- Church: Catholic Church
- Archdiocese: Archdiocese of Dhaka
- In office: 17 December 1977 – 9 July 2005
- Predecessor: Theotonius Amal Ganguly
- Successor: Paulinus Costa
- Previous post: Bishop of Dinjapur (1968-1977)

Orders
- Ordination: 22 December 1956
- Consecration: 8 December 1968 by Costante Maltoni

Personal details
- Born: 18 January 1926 Solepur (in present-day Sirajdikhan Upazila), Presidency of Fort William in Bengal, British Raj, British Empire
- Died: 18 March 2007 (aged 81) Dhaka, Bangladesh

= Michael Rozario =

Michael Rozario (18 January 1926 – 18 March 2007) was a Bangladeshi prelate of the Catholic Church who served as archbishop of Dhaka from 1977 to 2005. He was bishop of Dinajpur from 1968 to 1977.

==Biography==
Michael Rozario was born in Solepur, Bengal Presidency, British India on 18 January 1926.

He was ordained a priest on 22 December 1956.

On 5 September 1968, Pope Paul VI named him bishop of Dinajpur.

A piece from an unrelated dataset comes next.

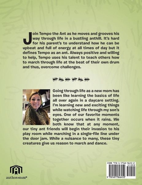 Join Tempo the Ant as he moves and grooves his way through life in a bustling anthill. It's hard for his parent's to understand how he can be upbeat and full of energy at all times of day but it defines Tempo as an ant. Always positive and willing to help, Tempo uses his talent to teach others how to march through life at the beat of their own drum and thus, overcome challenges.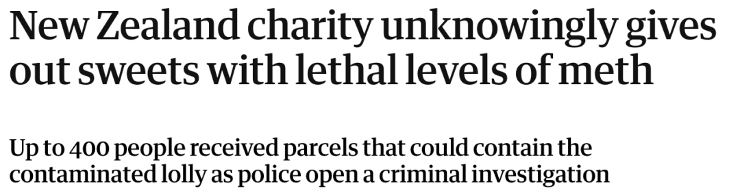 据悉,糖果是2人的同学——另一名中学生带到学校的。该事件也引发了人们对毒品低龄化的担忧,毒品糖果或许会在不知不觉中进入孩子的口中。更夸张的是,新西兰一慈善组织居然收到了民众捐赠的冰毒糖果,目前已经作为食品发放给了多个家庭,或有百人受影响。

He received his episcopal consecration in Dinajpur on 8 December from Archbishop Costante Maltoni, apostolic pro-nuncio to Pakistan.

From 1978 to 2005 he was president of the Catholic Bishops' Conference of Bangladesh.

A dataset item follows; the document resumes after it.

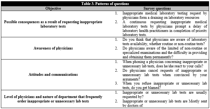 To examine the extent of participant satisfaction concerning laboratory testing requests, the survey was divided into two parts. The first examined participant knowledge concerning inappropriate laboratory testing and consisted of the definition of unnecessary laboratory testing and its impact on laboratory resources. The second constituted an assessment of the proper attitude among clinical laboratory members for preserving laboratory supplies.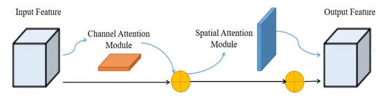 The insertion of CBAM in the model structure is shown in Figure 6, and we added CBAM to the feature pyramid before each extracted feature fusion to improve the model performance.

In 1985 he attended the meeting of 165 bishops assembled in Rome by Pope John Paul II to assess the reception of the Second Vatican Council after twenty years. He underlined the Council's call for understanding of other religions. He said that in interreligious dialogue "We discover that, like us, they desire to give the realistic and creative alternative of faith to materialistic currents."

Pope Benedict XVI accepted his resignation on 9 July 2005.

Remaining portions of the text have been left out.